# Analyzer Charts Reference

## Overview

The PredictionAnalyzer provides five chart types for visualizing model predictions and performance. All charts support flexible parameter configurations with automatic task-type detection.

## Core Concepts

### Metric Auto-Detection

When `rank_metric` or `display_metric` is not specified, charts automatically select:
- **Classification tasks**: `balanced_accuracy`
- **Regression tasks**: `rmse`

The task type is determined from existing prediction data (not recomputed).

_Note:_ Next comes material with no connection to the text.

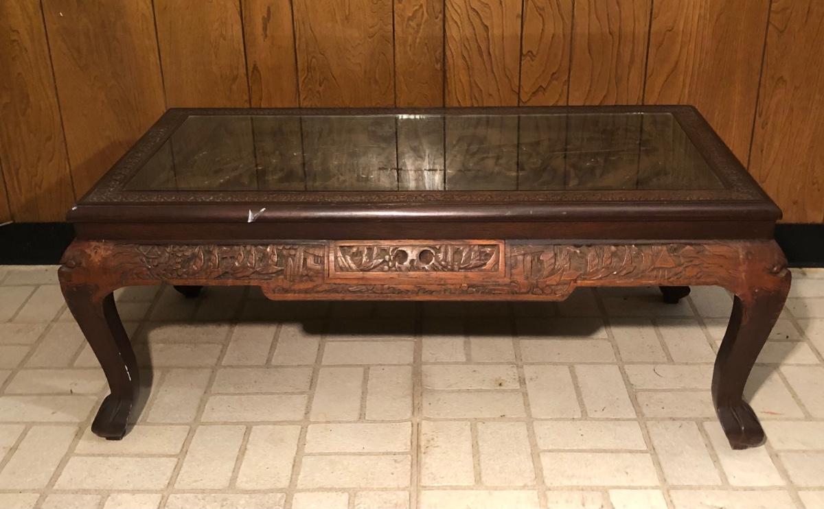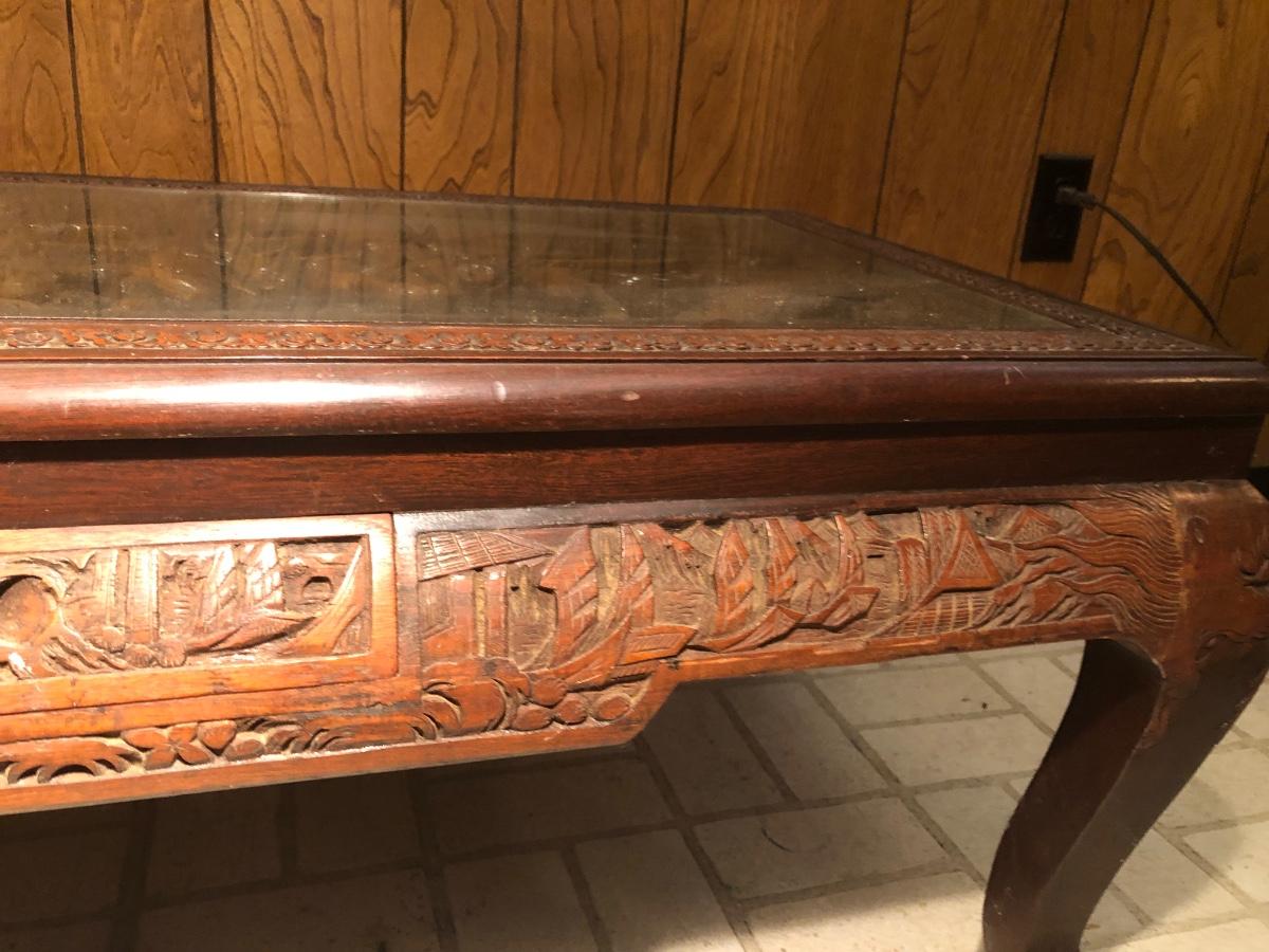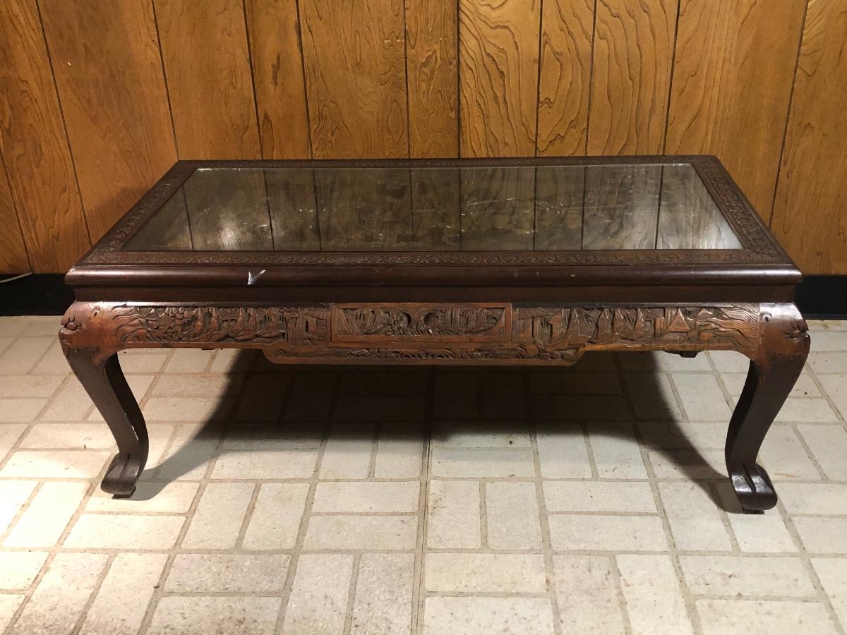 LOT 193M: Intricately Carved Wooden Coffee Table w/ Glass Cover
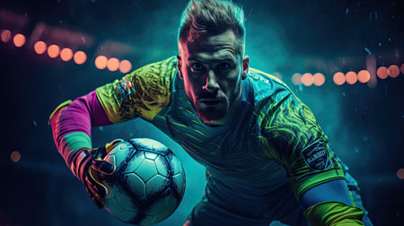 Generative AI : Goalkeeper catches the ball at the stadium lifestyle scene

### Parameter Naming Convention

Charts with ranking functionality use consistent parameter names:

- **`rank_metric`**: Metric used to rank/select models
- **`rank_partition`**: Partition used for ranking ('train', 'val', 'test')
- **`display_metric`**: Metric shown in visualizations (defaults to `rank_metric`)
- **`display_partition`**: Partition displayed in charts (defaults to 'test')

Charts without ranking (Histogram, Candlestick) use only:
- **`display_metric`**: Metric to visualize
- **`display_partition`**: Partition to display

---

## Chart Types

### 1. TopKComparisonChart (`plot_top_k`)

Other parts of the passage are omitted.